I'm not exactly sure what you're asking. These are just basic permutations, so cycle notation should communicate everything that you need.

 

[arsenal_51]

Thanks for your reply, I'm going to read about that.

I'm trying to find out the permutations needed to do mathematically for any N number group, knowing only the original and the final state.
Ideally something of the format: O_1i . O_2j . C₁₂ = C_ij
But for a N number group instead of just a this small example that might not even be correct.

 

[Michael Redei]

Thanks for your reply, I'm going to read about that.

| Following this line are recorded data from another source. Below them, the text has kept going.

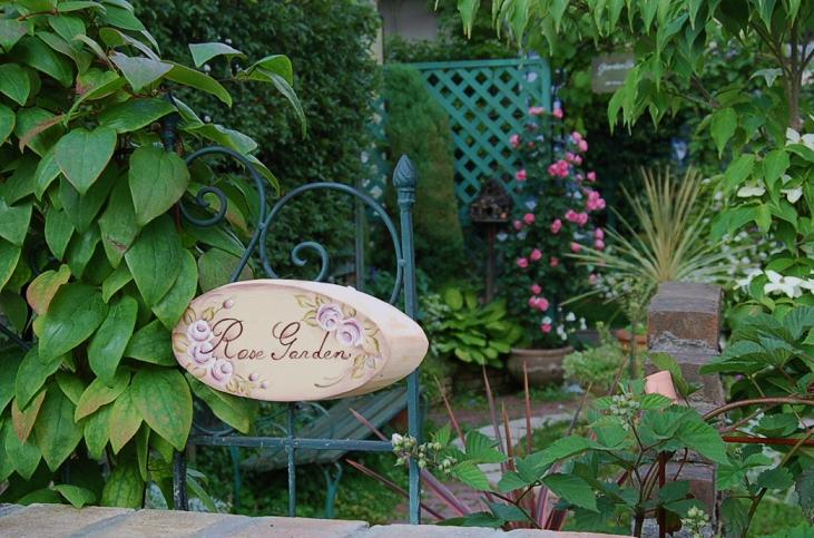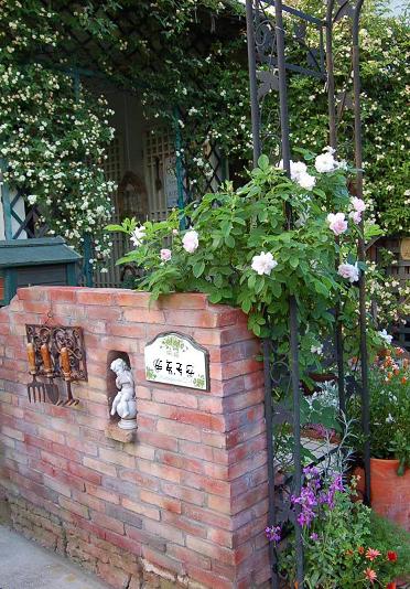今日は九州を飛び出して・・車を走らせました。途中小月インターで降りて、グリーンセンター日進で・・「渋いテラコッタ」を物色・・買いこれは明日アップしますね。 いいのがあった又、小月から高速に入り・・GO!GO!GO!!ーー約3時間で ku-utanさんのローズガーデンにたどり着きました。 ご夫婦で迎えて下さって・・ポッ相変わらず 可愛いku-utanさんに優しい旦那様 手作りのプレートも出迎えてくれました。 ku-utanさんの新築の家土地探しの時から・・ずっとブログで 見てたので・・親戚のうちを訪れるような気持ちでやってきました。山間の のどかな場所です。 遠くに例の牛さんもいました。猿も見たかったけど・・・今頃は出てこないんでしょうね。 家を建てて 1年半で・・これだけの庭を造るなんて・・すごいです。 私の庭は・・28年ですから・・・。でも、・・・ku-utanさんの庭は・・大自然を借景にしてるから・・充分 いい景色になっていますね。 このアーチをくぐっていくと・・そのまま、向こうの道につながっているような・・旦那様・・・そこまで計算して建てたのですか? 物が置けるように造って・・と旦那様に依頼したそうです。これはいいアイデアですね、私も・・ガーデン用の水道の場所に・・何か考えてみようっと 私は庭訪問をすると・・必ず何か 盗んできます。 ご注意 ku-utanさんの所で見たかったもの・・お庭と・・トールペイント作品玄関ドアのプレートピンクのバラが可愛い~ このバラ!! とっても立体的 本物みたいで・・思わず マジマジ見入りました。バラを愛してやまないku-utanさんだからこその・・作品です。近かったら・・習いたいな。他にもたくさん作品がありましたが・・・* ku_utan *さん のブログで見てくださいね。 室内の飾り方も・・おしゃれで可愛い~ こんな縦長の窓があったらなぁ~・・ウラヤマシぃ 旦那様がハーブティや入れてくださったり、ku-utanさんが夕べ作ったというシフォンケーキをご馳走になったり・・今日はとても幸せでした。 この後、船方農場に連れて行ってもらいました。温室の中では・・バラ苗やハーブ苗が売っていたり・・天井にはぶどう棚があり、その下では・・レストランがあったり・・ガーデンカフェになっています。バラの壁があったり・・・ レストランの囲いの下には・・グリーンの植栽があったり・・ステキ、 レジ・受付の横には・・レンガで囲んだ・・手洗い場?やっぱり・・ここも 物が置けるようにしていますね。 ku-utanさん、 今日は本当にありがとうございました。バタバタと・・引き上げてしまいましたがまた来春 ・・ゆっくりとおじゃまさせていただきますね。 昨日も沢山の 書き込みありがとうございます。お返事出来てないけど、私も訪問してポチさせていただいています。良かったら、お帰りに応援お願いしまーーす花ブログお腹を ポチンよ~♪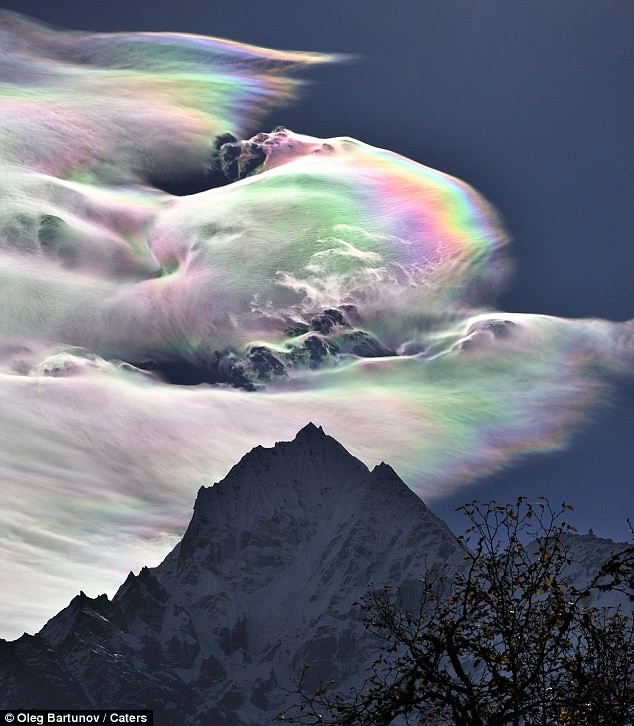 Hovering in the sky, a rainbow cloud over Mount Everest took an astonished astronomer by surprise. Oleg Bartunov, a fellow at the Sternberg Astronomical Institute in Moscow, caught the spectacle on camera during a Himalayas expedition in Nepal. His two images show almost the whole spectrum of the rainbow in a natural event rarely recorded at Mount Everest.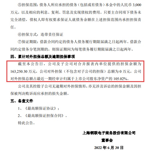 上海钢联 公司及子公司对合并报表内单位提供担保余额为16.325亿元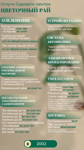 Полный комплекс услуг по проектированию, благоустройству и озеленению территорий. Многолетний опыт работы в ландшафтной отрасли позволяет нам специалистам уже реализовать проекты любых масштабов и степени сложности, учитывая особенности каждого из объектов.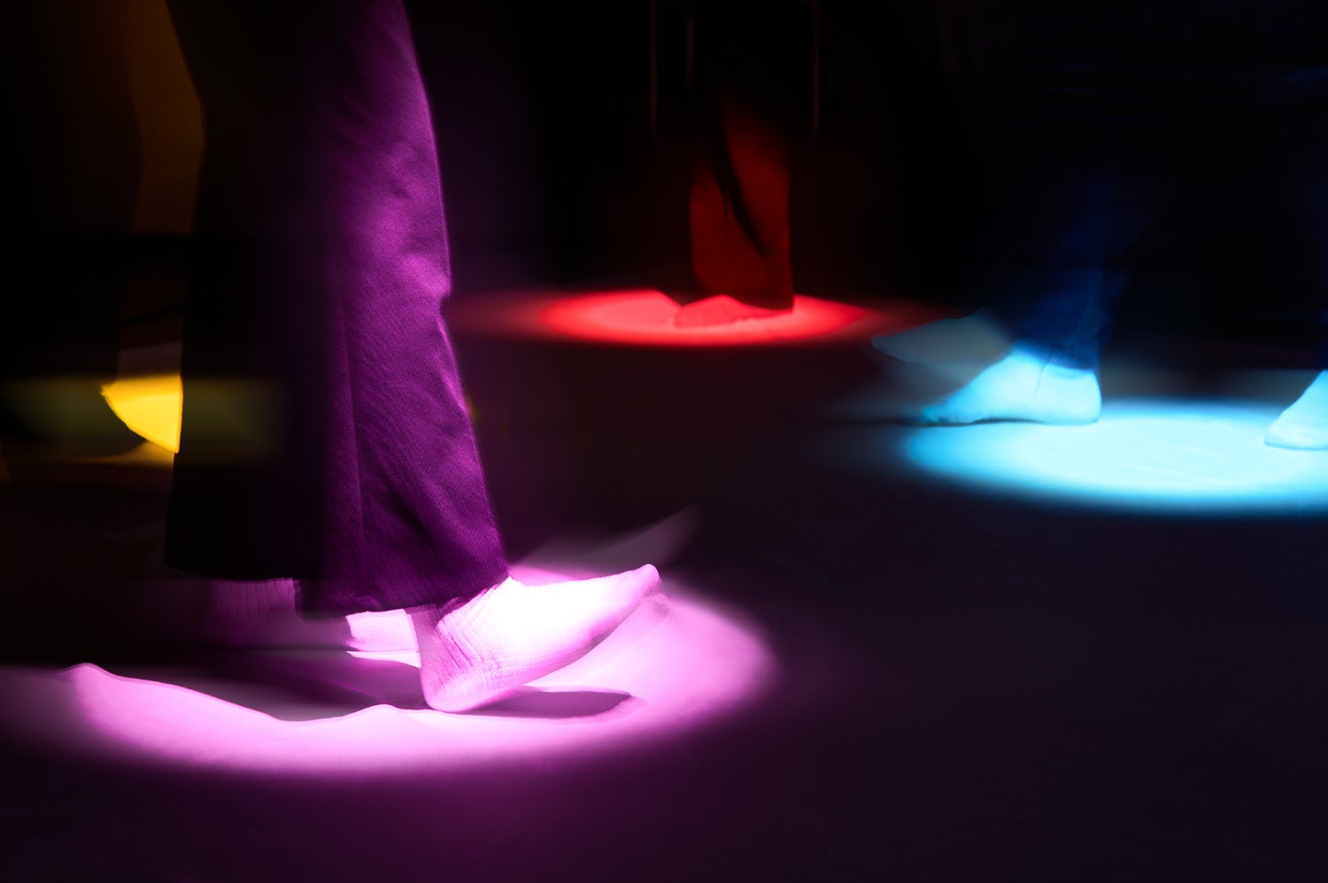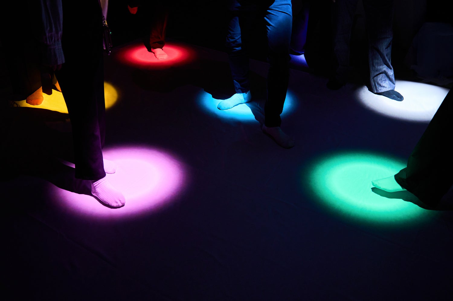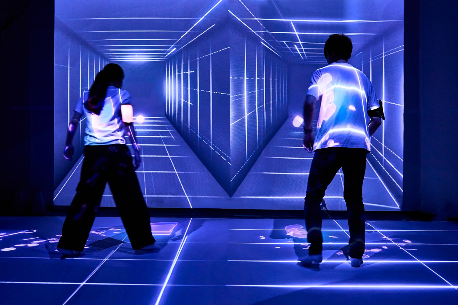 3rd Field「LIGHT(ライト)」は、光とリズムに導かれて自然と体が動き出す新感覚ステージです。体験者それぞれに付与された“MY COLOR”の光を追いかけたり、踏んだり、触れたりすることで、上半身も含めた全身運動を楽しめます。動きに連動してイヤホンから流れる“MY SOUND”も変化し、音の変化を感じながら、身体を動かすことの心地よさや楽しさを体感いただけます。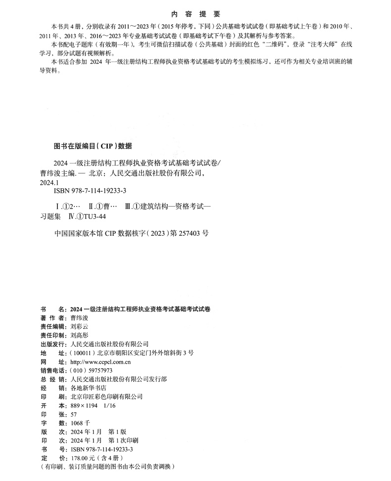 书名:2024一级注册结构工程师执业资格考试基础考试复习教程+题集+试卷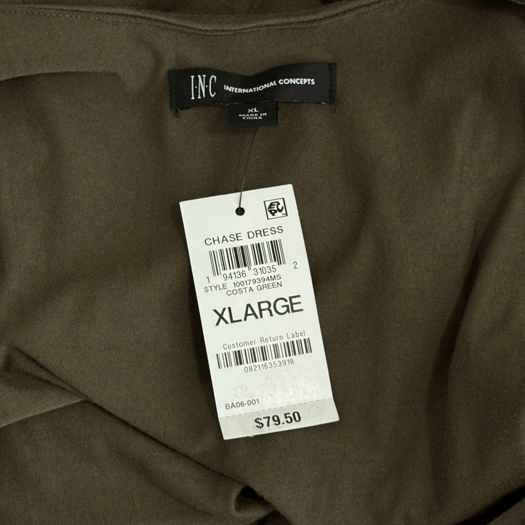 INC International Concepts Women's XL Olive Green Tie-Waist Midi Dress NWT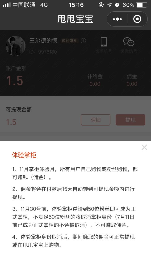 掌柜门槛:双十一期间,用户只要打开“甩甩宝宝”,就可以成为掌柜,整个11月都会有佣金。而只要有50个粉丝就永远是掌柜。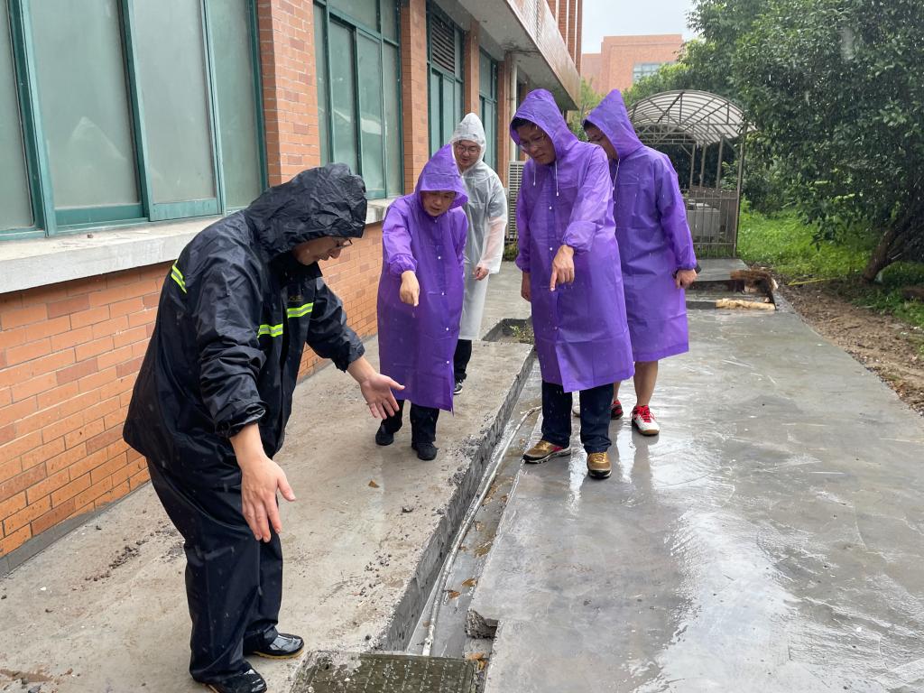 25日上午,院长叶东惠、党委副书记吴翼泽、副院长金国锋带队进行全校防台防汛工作全面大排查,检查影剧院、体育馆、实验楼、教学楼、学生食堂、宿舍、图书馆、配电间、地下车库、楼宇屋顶、景行湖等重点领域环节,看望一线防台工作人员并具体指导防台防汛工作。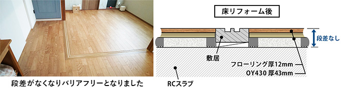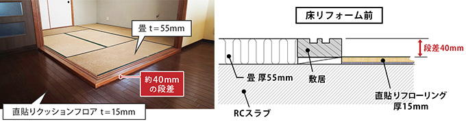 マンションのリフォームにあたり、オーナー様より畳/直貼りクッションフロアからフローリングへの切り替えを要望。更にマンション規約の床遮音性能LL-45、フローリングでのバリアフリー化も満たす必要がありました。

I'm trying to find out the permutations needed to do mathematically for any N number group, knowing only the original and the final state.
Ideally something of the format: O_1i . O_2j . C₁₂ = C_ij
But for a N number group instead of just a this small example that might not even be correct.

Your notation is somewhat unconventional, but I think you mean the following: Given an ordered set of the first N counting numbers, i.e. $S = (s_1\,s_2\,s_3\,\ldots\,s_N)$, you want to find $X$ "swappings" of the form $(f_1\,t_1),\ldots,(f_X\,t_X)$ such that their product will take the ordered set $(1\,2\,3\,\ldots\,N)$ to $S$, i.e.
$$
(1\,2\,3\,\ldots\,N)\cdot(f_1\,t_1)\cdot\ldots \cdot (f_X\,t_X)=(s_1\,s_2\,s_3\,\ldots\,i_N).
$$
This is possible, and you can construct the pairs $(f_k\,t_k)$ quite easily. I'll just hint by saying this much: choose $(f_1\,t_1)$ so that it swaps the elements $1$ and $s_N$, and then let $(f_2\,t_2)=(1\,N)$. This means that those two swapping put $s_N$ at position $N$. In the next step you place $s_{N-1}$ into position $N-1$ etc. till you end up with the ordered set $S$ you wanted.

This way you may need $X=2N-1$ swappings, and it's actually possible to get from $(1\,2\,3\,\ldots\,N)$ to any $(s_1\,s_2\,s_3\,\ldots\,s_N)$ with only $N-1$ swappings, but not as easily as by my method (one element at a time goes into position $1$ and then to its proper place).

 

[arsenal_51]

Thank you, i will try out your method, it seems pretty clear.

After i try that out i would like to check that other more efficient method you were talking about where you only need N - 1 swapping operations. Do you know where i can read more about that other method or the name of it?

Thanks again.